Interest expense decreased by $98,000, or 5.4%, to $1,727,000 for the three
months ended March 31, 2022, from $1,825,000 for the comparable period in 2021.
This decrease was primarily due to a decrease of $546,000 in interest expense on
mortgage warehouse lines for loans held for sale. This decrease was partially
offset by a $448,000 increase in interest expense on bank loans.



Cost of goods and services sold-mortuaries and cemeteries increased by $85,000,
or 7.7%, to $1,185,000 for the three months ended March 31, 2022, from
$1,100,000 for the comparable period in 2021. This increase was primarily due to
a $300,000 increase in mortuary at-need sales. This increase was partially
offset by a $35,000 decrease in cemetery at-need sales and a $180,000 decrease
in cemetery pre-need sales.


Liquidity and Capital Resources



The Company's life insurance subsidiaries and cemetery and mortuary subsidiaries
realize cash flow from premiums, contract payments and sales on personal
services rendered for cemetery and mortuary business, from interest and
dividends on invested assets, and from the proceeds from the sale or maturity of
investments.
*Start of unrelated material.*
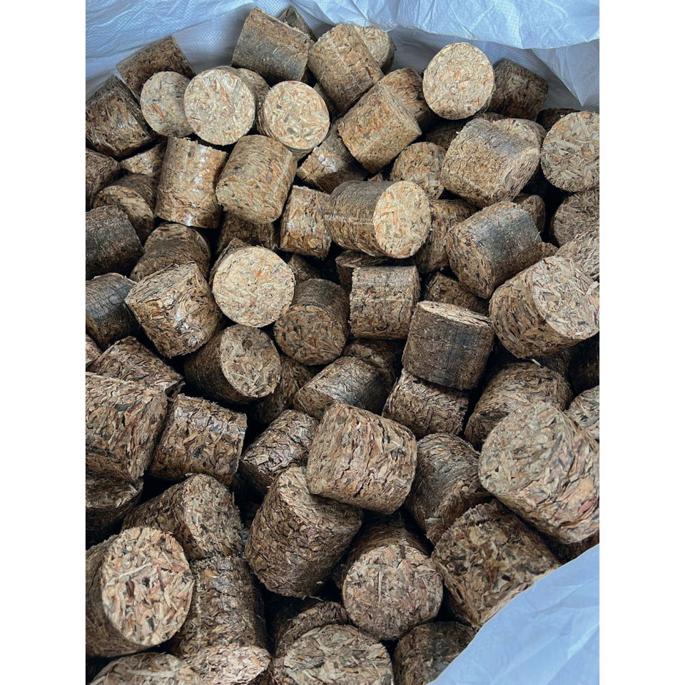 Briquetas de madera, fabricadas con 100% de madera reciclada,

The mortgage subsidiaries realize cash flow from fees generated by
originating and refinancing mortgage loans and fees from mortgage loans held for
sale that are sold to investors into the secondary market. It should be noted
that current conditions in the financial markets and economy caused by the
COVID-19 pandemic may affect the realization of these expected cash flows. The
Company considers these sources of cash flow to be adequate to fund future
policyholder and cemetery and mortuary liabilities, which generally are
long-term, and adequate to pay current policyholder claims, annuity payments,
expenses related to the issuance of new policies, the maintenance of existing
policies, debt service, and to meet current operating expenses.



During the three months ended March 31, 2022 and 2021, the Company's operations
provided cash of $72,509,000 and provided cash of $100,976,000, respectively.
This decrease in cash provided by operations was due primarily to decreased
proceeds from the sale of mortgage loans held for sale.
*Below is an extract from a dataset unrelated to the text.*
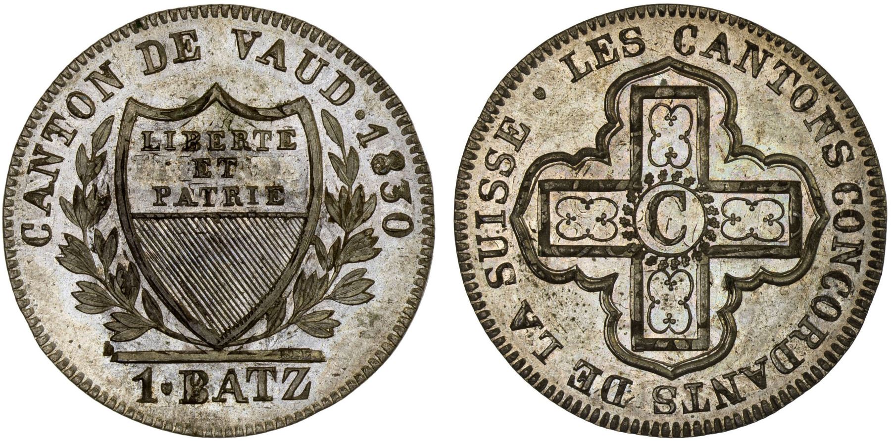 VAUD: Canton, BI batzen, 1830, KM-20, HMZ 2# 1004, attractive example with the slightest handling marks in the fields, Unc.

The Company's liability for future policy benefits is expected to be paid out
over the long-term due to the Company's market niche of selling funeral plans.
Funeral plans are small face value life insurance policies that payout upon a
person's death to cover funeral burial costs. Policyholders generally keep these
policies in force and do not surrender them prior to death. Because of the
long-term nature of these liabilities, the Company is able to hold to maturity
its bonds, real estate, and mortgage loans thus reducing the risk of liquidating
these long-term investments as a result of any sudden changes in their fair
values.



The Company attempts to match the duration of invested assets with its
policyholder and cemetery and mortuary liabilities. The Company may sell
investments other than those held to maturity in the portfolio to help in this
timing matching. The Company purchases short-term investments on a temporary
basis to meet the expectations of short-term requirements of the Company's
products. The Company's investment philosophy is intended to provide a rate of
return, which will persist during the expected duration of policyholder and
cemetery and mortuary liabilities regardless of future interest rate movements.



54







The Company's investment policy is also to invest predominantly in fixed
maturity securities, real estate, mortgage loans, and warehousing of mortgage
loans held for sale on a short-term basis before selling the loans to investors
in accordance with the requirements and laws governing the life insurance
subsidiaries. Bonds owned by the insurance subsidiaries amounted to $271,931,000
(at estimated fair value) and $259,005,000 (at estimated fair value) as of March
31, 2022 and December 31, 2021, respectively. This represented 32.1% and 31.5%
of the total investments as of March 31, 2022, and December 31, 2021,
respectively. Generally, all bonds owned by the life insurance subsidiaries are
rated by the National Association of Insurance Commissioners. Under this rating
system, there are six categories used for rating bonds. At March 31, 2022, 3.5%
(or $9,597,000) and at December 31, 2021, 3.9% (or $9,991,000) of the Company's
total bond investments were invested in bonds in rating categories three through
six, which are considered non-investment grade.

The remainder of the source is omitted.